Anyone driving through downtown Mobile in recent weeks may have noticed a blunt message hanging outside a handful of local businesses: a banner accusing Wells Fargo of dishonesty, put up by a local restaurant and bar owner who says the bank has cost him tens of thousands of dollars.
Jim Walker, who along with his brother Woody owns OK Bicycle Shop, Alchemy Tavern, Liquid Lounge and Union in downtown Mobile, first hung the banner outside OK Bicycle Shop near Dauphin Street and Washington Avenue. Since then, he’s put up matching signs at other properties around downtown, and says he plans to display one over a bridge facing Interstate 10 during a busy holiday weekend to maximize visibility.
Walker says his frustration stems from years of financial disputes with the bank, which held the brothers’ business accounts for 27 years before they switched to a different bank this summer, paying a hefty fee to close out the relationship.
According to Walker, the trouble traces back roughly four years, when the brothers’ credit card processing was moved to Wells Fargo from a previous vendor. He says the bank mistakenly classified their restaurants as retail businesses rather than tip-based service businesses, which meant tips customers left on card payments weren’t reaching the restaurants’ servers as expected. Walker estimates the error affected roughly $30,000 in tip income and claims a bank employee initially told them to just keep the money rather than correct the mistake and distribute it properly to staff.
Walker says repeated attempts to recover the funds went nowhere, with the bank eventually offering a fraction of what he says is owed.

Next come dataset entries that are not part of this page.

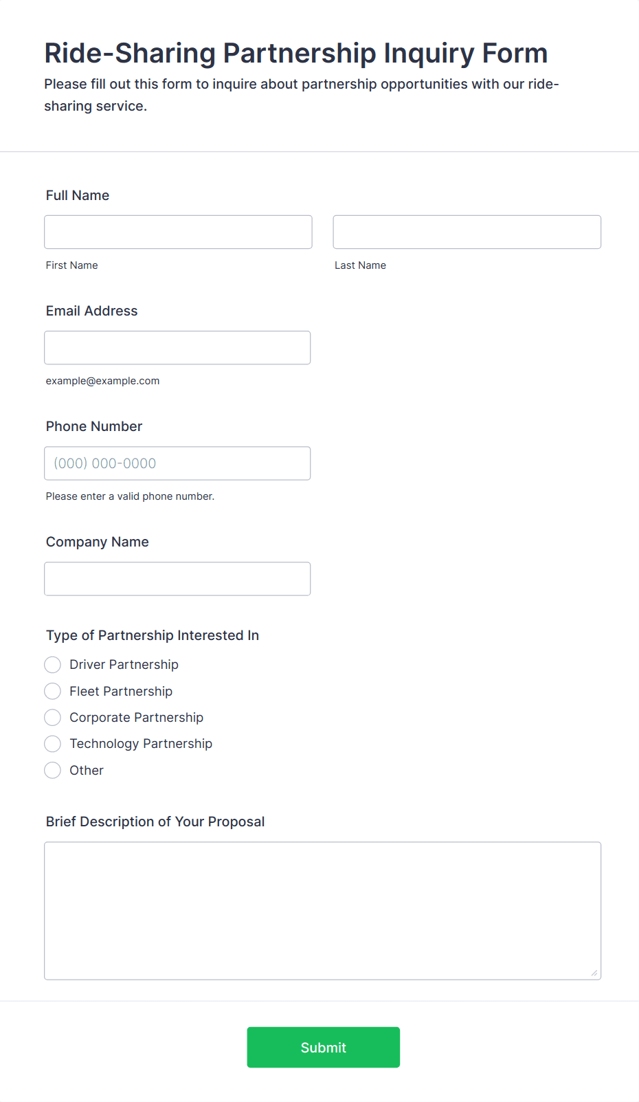 • Sales or quote request forms could ask for company details, budget, and specific service interests.
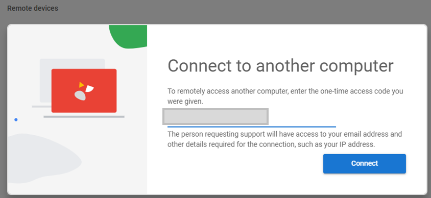 상대에게 번호를 알려주면, 상대는 아래 Remote devices에서 access code를 입력하고, `connect` 버튼을 누릅니다.
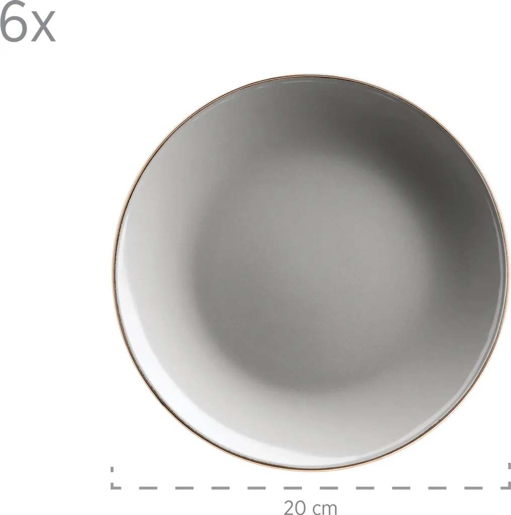 - ‚Dieses edel und dennoch modern gestaltete Geschirrset enthält 6 flache Speiseteller (Ø 27 cm), 6 Dessertteller (Ø 19,6 cm), 6 Kaffeebecher (400 ml Füllvolumen) und 6 Mehrzweckschalen für Müsli, Suppe und vieles mehr (Ø 18,6 cm, 700 ml) – jeweils in warmem Grau
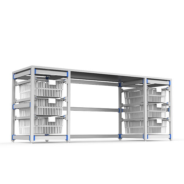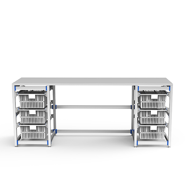 • 左右两侧各配三层篮筐,中间留空,便于操作者坐立操作,保留腿部伸展空间。
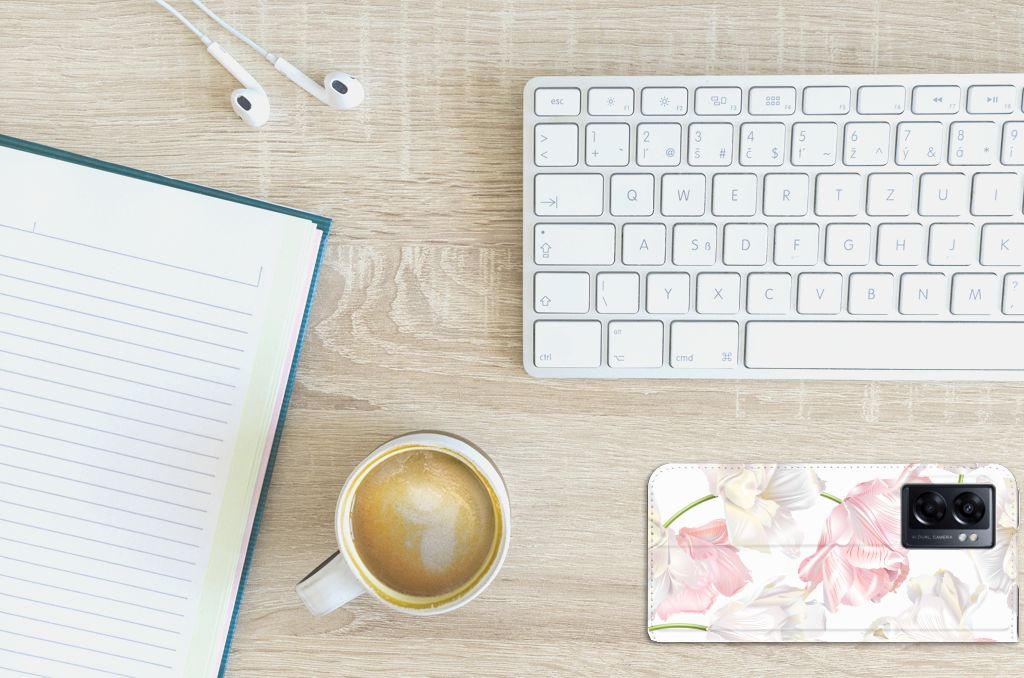 Een bosje bloemen doet een mens (en zijn smartphone) goed. De witte en roze bloemen op dit OPPO A77 5G | A57 5G Smart Cover geven jouw smartphone een zeer mooie uitstraling. Je wordt er ook meteen een stuk rustiger van als je aan het appen of aan het bellen bent. Valt dan je telefoon op de grond, dan zal er dankzij de stand case met het design Lovely Flowers ontstaan. Onze stand cases met roze en witte bloemen zien er zeer prettig uit en zijn heel praktisch, wat blijkt uit onder meer het vakje aan de binnenkant en de handige standaard waarmee je de smartphone rechtop op tafel neer kunt zetten. De roze en witte bloemen passen goed op alle zijden van de case. Op deze stand case van leer en TPU (houder aan de binnenkant) kun je trouwens ook je eigen bloemige ontwerp zetten. In een paar simpele stappen maak je zelf een stand hoesje met daarop jouw mooiste bloemen.

A second dispute arose last year when the brothers used inherited funds, delivered as cashier’s checks from a Wells Fargo branch out of state, to help purchase a former commercial property along Government Street. Walker says they deposited the checks locally and withdrew funds to complete the purchase, only for the cashier’s checks to bounce afterward through no fault of their own. He says the bank temporarily drained their accounts and maxed out credit lines while sorting out the error, leaving the business scrambling for weeks before Wells Fargo corrected the mistake.
Walker says going public with the banners was less about seeking sympathy and more about giving other small business owners a warning about carefully reviewing account statements and fee structures.
Wells Fargo has not issued a public response to Walker’s claims. For now, the banners remain a visible, if unconventional, form of protest in one of Mobile’s busiest entertainment districts.